İçindekiler:

Gübreler Mahsulün Kalitesini Nasıl Etkiler - 2
Gübreler Mahsulün Kalitesini Nasıl Etkiler - 2

Video: Gübreler Mahsulün Kalitesini Nasıl Etkiler - 2

Video: Gübreler Mahsulün Kalitesini Nasıl Etkiler - 2
Video: Meyve Ağaçlarında Potasyumlu Gübreleme (Cito - K) 2024, Mart
Anonim

Protein olmayan nitrojen bileşikleri

Proteinlere ek olarak, bitkiler her zaman, miktarı genellikle "protein olmayan nitrojen - ham protein" olarak adlandırılan, protein niteliğinde olmayan azotlu bileşikler içerir. Bu fraksiyon, mineral nitrojen bileşikleri - nitratlar ve amonyak - ayrıca organik protein olmayan maddeler - serbest amino asitler ve amidleri içerir. Bitki dokularındaki organik nitrojenli maddeler arasında küçük "amino asit artıkları" olan peptitler yer alır.

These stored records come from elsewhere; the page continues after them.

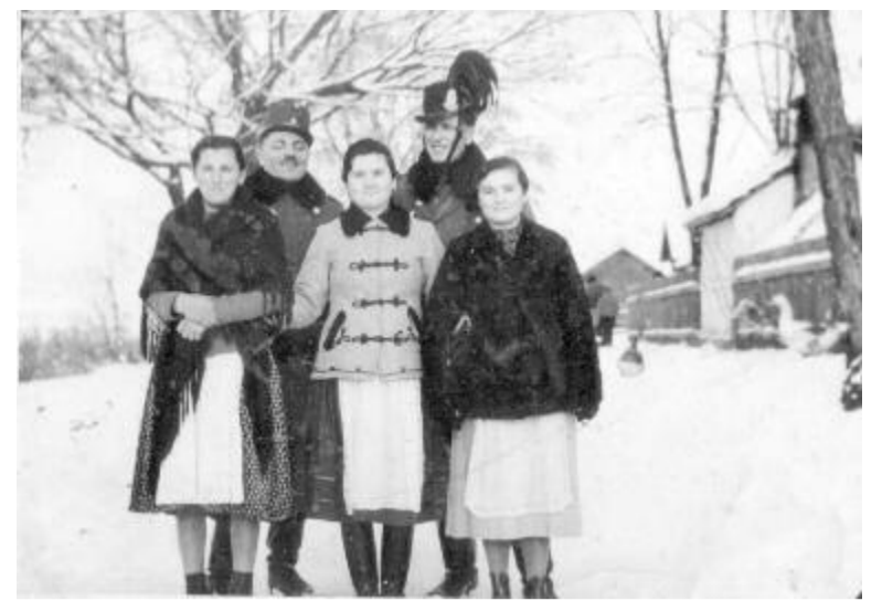
A csendőrök is emberek – makfalvi lányok társaságában

volt, főleg az egykori csendőrök leszármazottai vagy volt ismerősei részéről.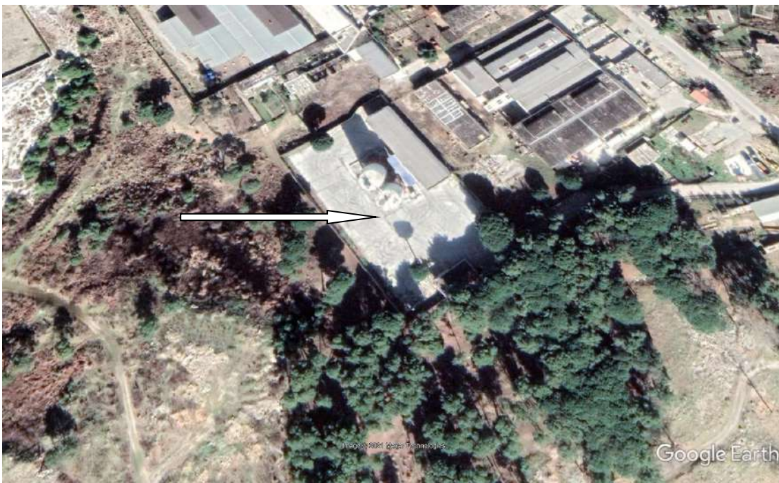
Pamje e vendosjes së aktivitetit

Sipërfaqja totale e sheshit ku zhvillohet aktiviteti 4.000 m 2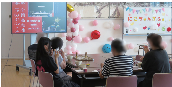
福祉系「にこちゃんかふえ」お茶会の様子

運営内容としては①総合コーススポーツ科学系が考えた介護予防体操(内容は福祉系から依頼)、②福祉系の考えたレクリエーション、③お茶会などでした。実際のカフェの運営では、福祉系以外の生徒にも協力してもらいました。最後に今回サポートを依頼した認知症カフェ運営者による「認知症について」の講演をしていただき、来場者に認知症について理解を深めてもらいました。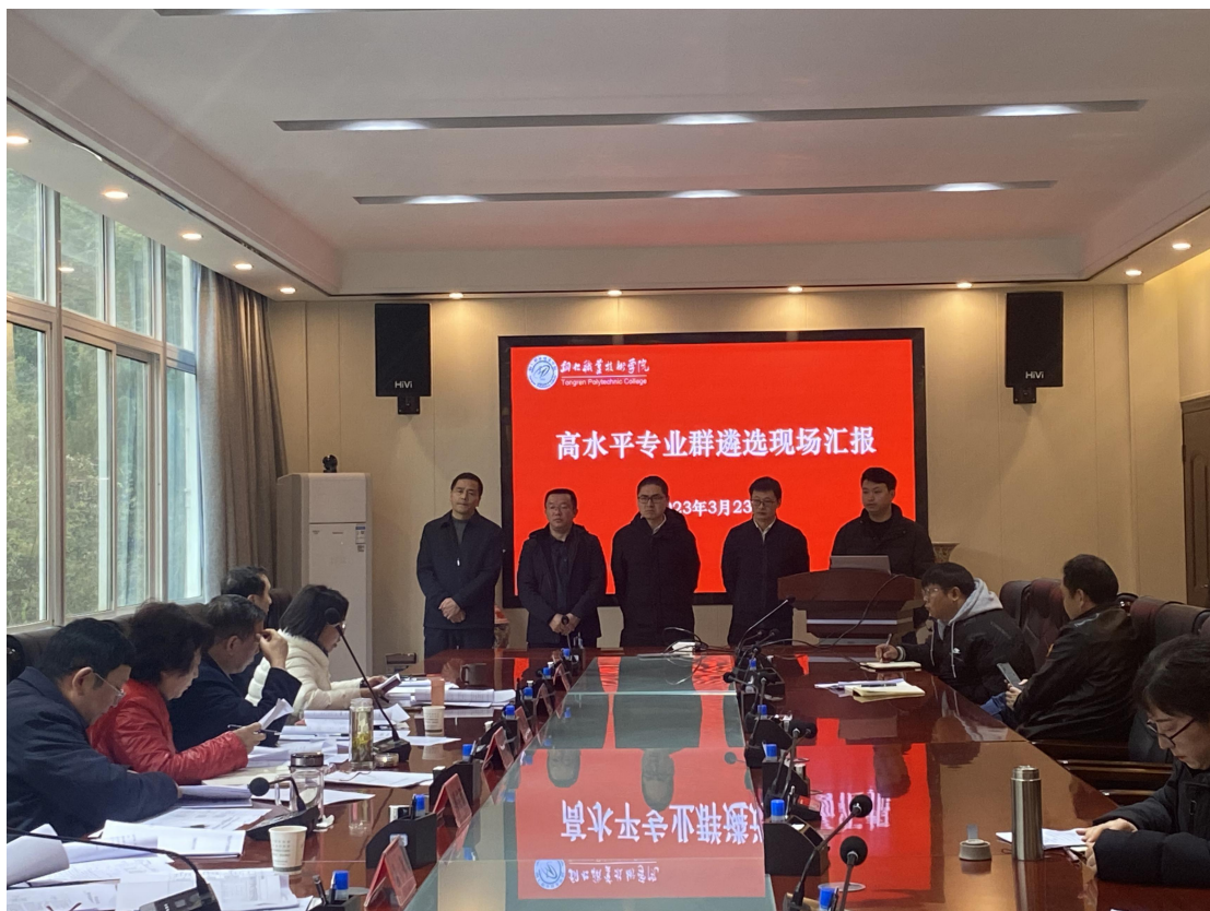
(大数据技术专业群汇报现场)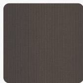
Paglia FC92 Tekstura powierzchni Paglia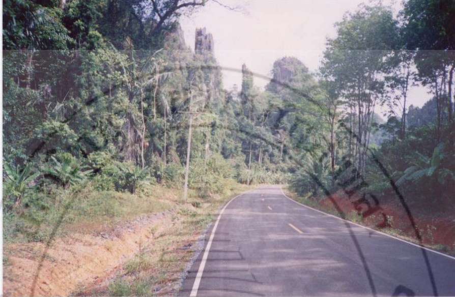
ภาพที่ 9 ถนนสายมะนัง-บ้านป่าพน เส้นทางไปถ้ำภูผาเพชรในปัจจุบัน (ถ่ายภาพโดย นายเฉลิมเกียรติ ขุนทองเพชร วันที่ 23 มีนาคม 2547)

อุดมสมบูรณ์ของพื้นที่ป่า ทำให้การอพยพจากบุคคลภายนอกมีมากขึ้น โดยการชักชวนเครือญาติของผู้ที่อาศัยอยู่เดิม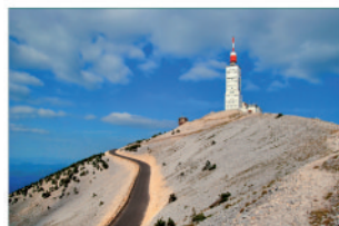
Au départ de randonnées cyclistes au coeur du Luberon et avec le Mont Ventoux en point de mire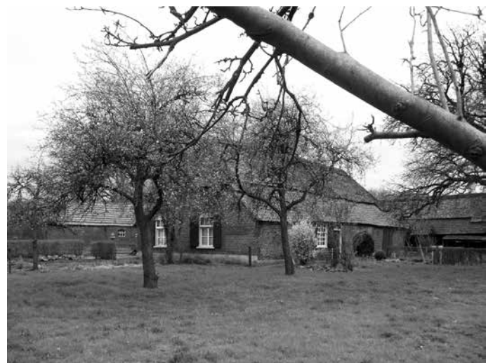
Fruitbomen bij een boerderij in Esbeek

Verdere informatie bij Cees Sleutjes tel 0411 632726 of op het E Mailadres snoeien.sdbb@outlook.com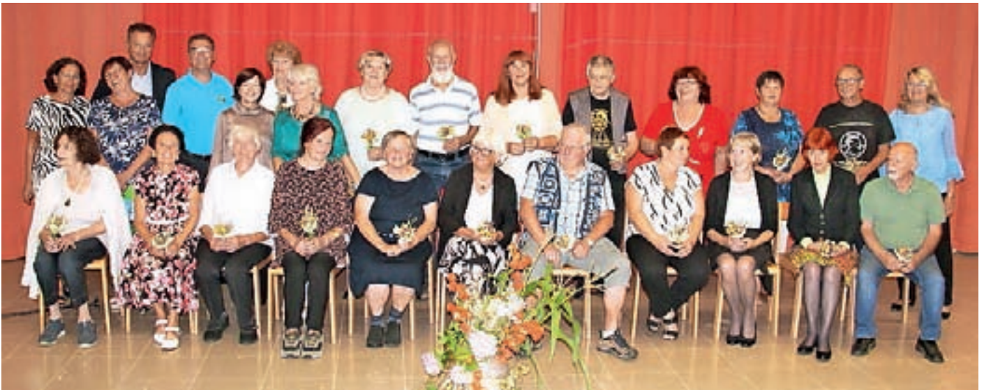
Organizatorji in udeleženci literarnega srečanja

Pod tem naslovom je septembra v Gorenji vasi potekalo že štirinajsto srečanje literarnih ustvarjalcev in ustvarjalk gorenjskih društev upokoencev, izšel pa je tudi zbornik izbranih besedil z enakim imenom.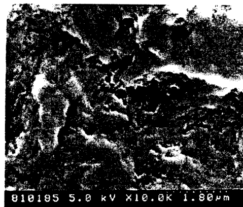
그림 3. 플라즈마 멤브레인의 기판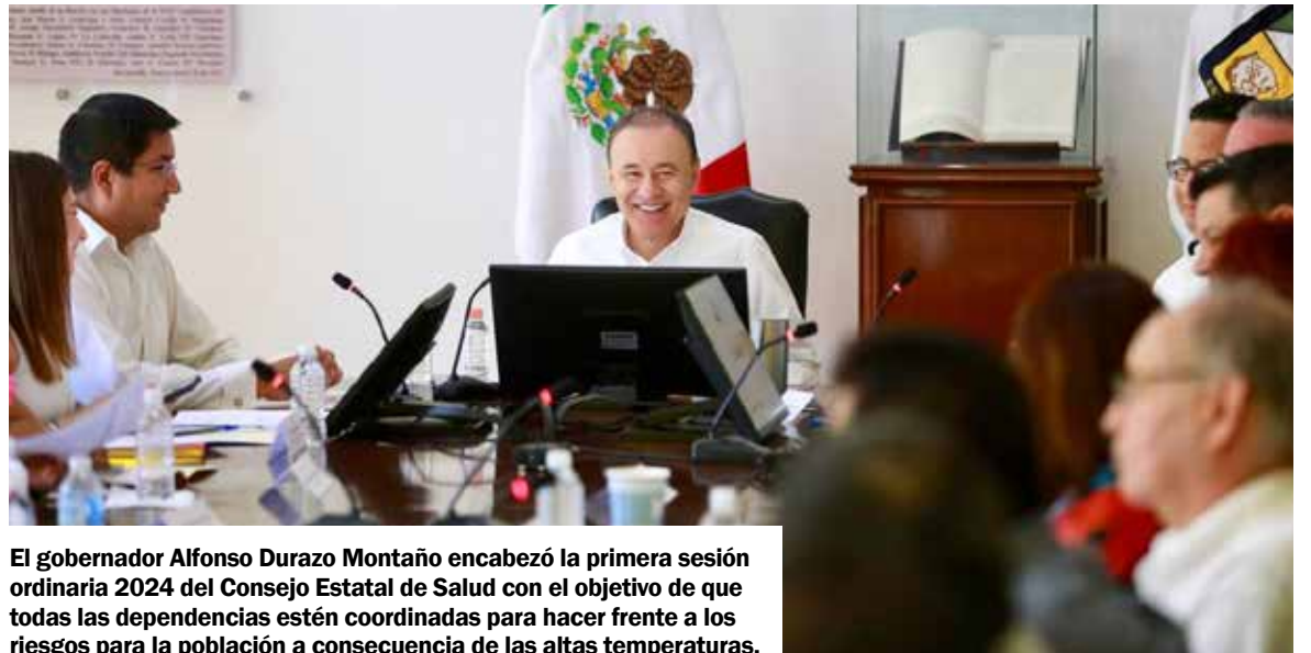
El gobernador Alfonso Durazo Montaño encabezó la primera sesión ordinaria 2024 del Consejo Estatal de Salud con el objetivo de que todas las dependencias estén coordinadas para hacer frente a los riesgos para la población a consecuencia de las altas temperaturas.

Önemli organik azotlu maddeler, temel bileşiklerdir - pirimidin ve purin türevleridir. Pirimidin ve purin bazları olarak adlandırılırlar. Bunlar nükleik asit moleküllerini oluşturan temel yapı taşlarıdır. Çoğu bitkinin yapraklarında bulunan tüm bu protein olmayan nitrojen, toplam protein içeriğinin% 10-25'ini oluşturur. Tahıl tohumlarında, protein olmayan nitrojen bileşikleri genellikle tohumların ağırlıkça yaklaşık% 1'i veya protein miktarının% 6-10'udur. Baklagiller ve yağlı tohumların tohumlarında, protein olmayan nitrojen tohumların ağırlığının% 2-3'ünü veya protein içeriğinin yaklaşık% 10'unu oluşturur. Protein içermeyen azotlu maddelerin çoğu patates yumrularında, kök bitkilerinde ve diğer sebze bitkilerinde bulunur.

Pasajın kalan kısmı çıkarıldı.